▶ _Task_: In the material below, find the line with "Collana realizzata a" and the line with "ポスターを雨から守る防水パックシート付きスタンド看板". Output exactly those two lines and all lines between them, leaving out pictures.

▶ _Data to process_:
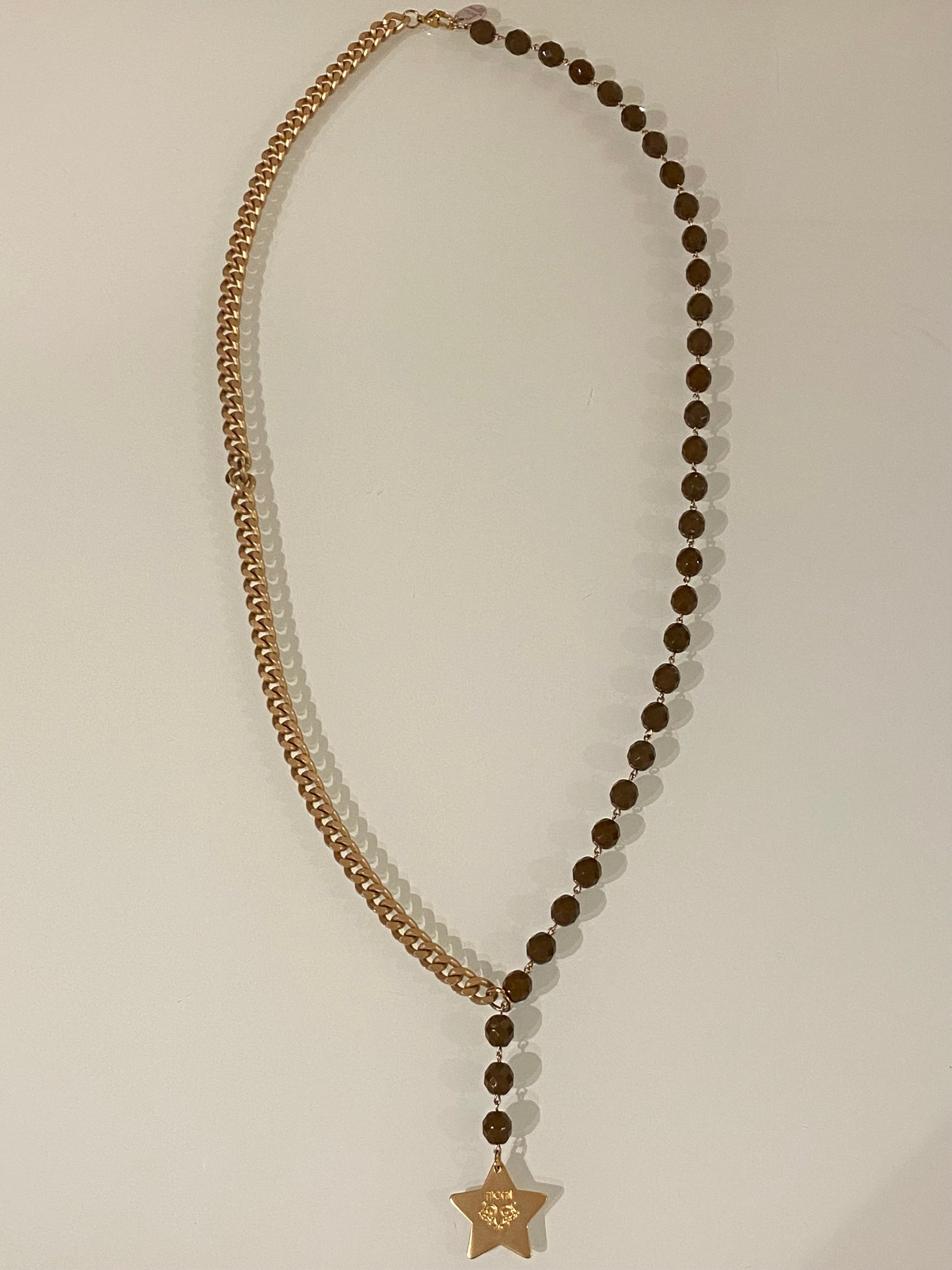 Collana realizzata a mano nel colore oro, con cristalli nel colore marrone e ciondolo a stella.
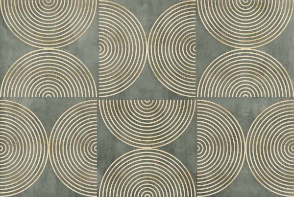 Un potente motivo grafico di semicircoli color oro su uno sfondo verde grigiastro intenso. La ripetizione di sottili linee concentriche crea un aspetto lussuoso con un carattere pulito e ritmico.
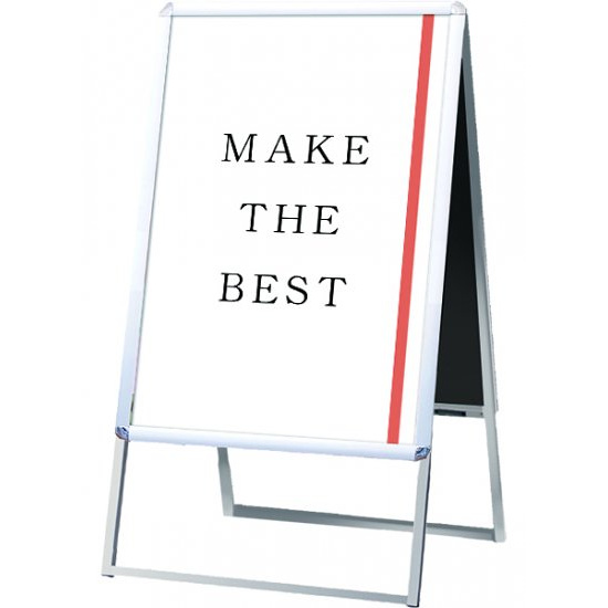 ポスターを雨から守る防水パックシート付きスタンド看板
--
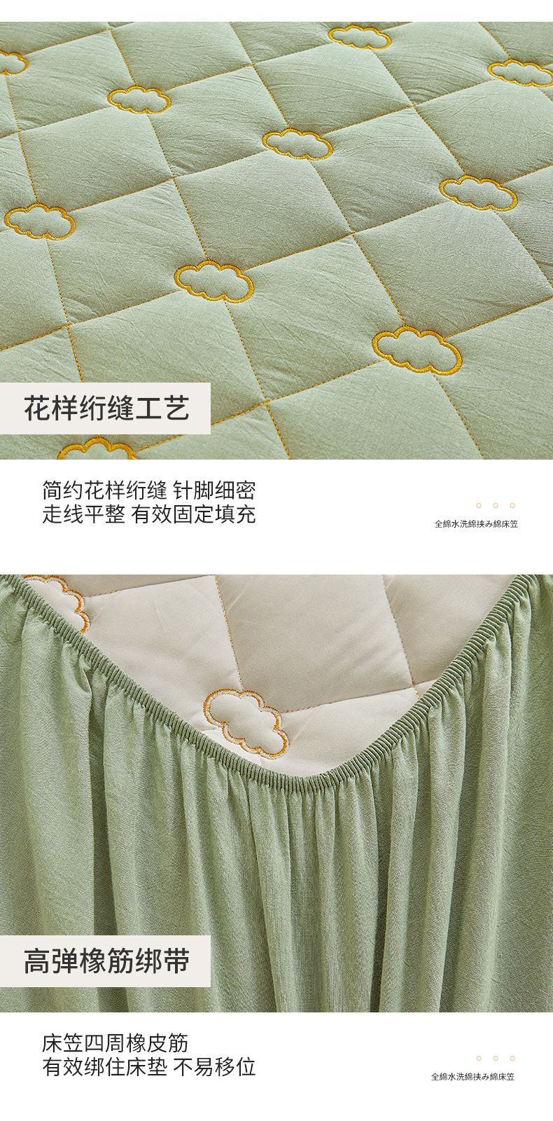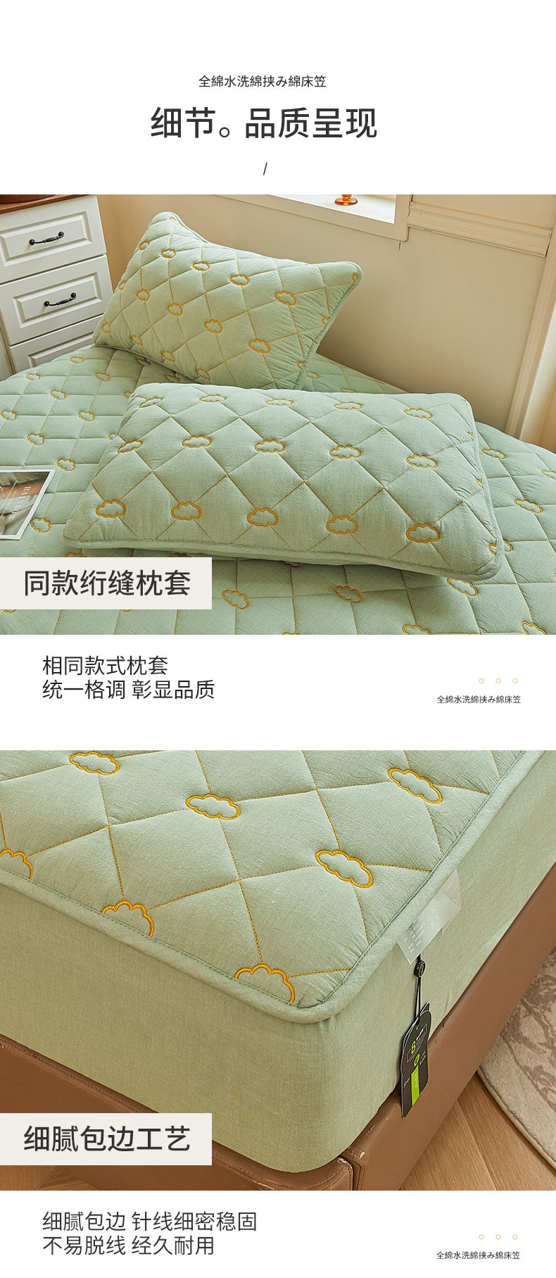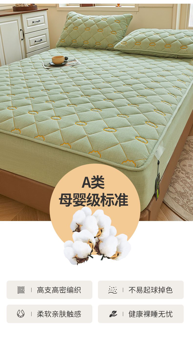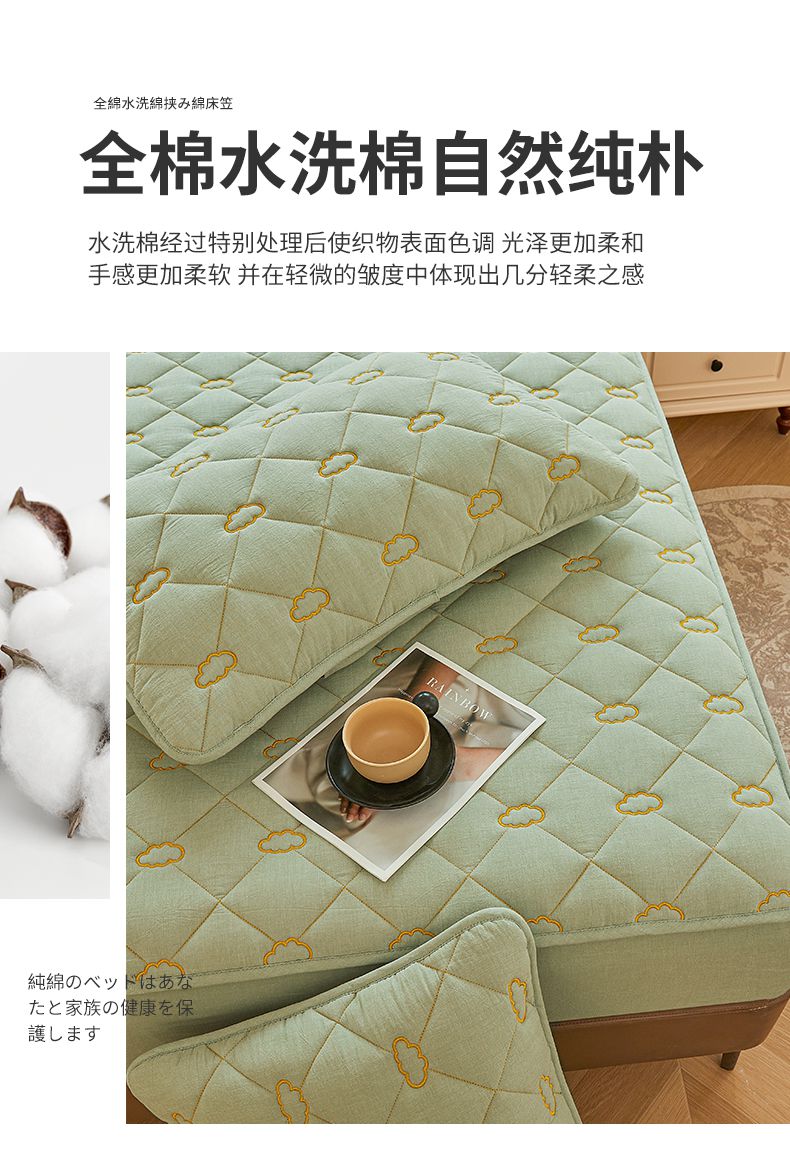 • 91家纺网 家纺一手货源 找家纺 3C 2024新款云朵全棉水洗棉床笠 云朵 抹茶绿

▶ _Solution to the exercise_:
 Collana realizzata a mano nel colore oro, con cristalli nel colore marrone e ciondolo a stella.
 Un potente motivo grafico di semicircoli color oro su uno sfondo verde grigiastro intenso. La ripetizione di sottili linee concentriche crea un aspetto lussuoso con un carattere pulito e ritmico.
 ポスターを雨から守る防水パックシート付きスタンド看板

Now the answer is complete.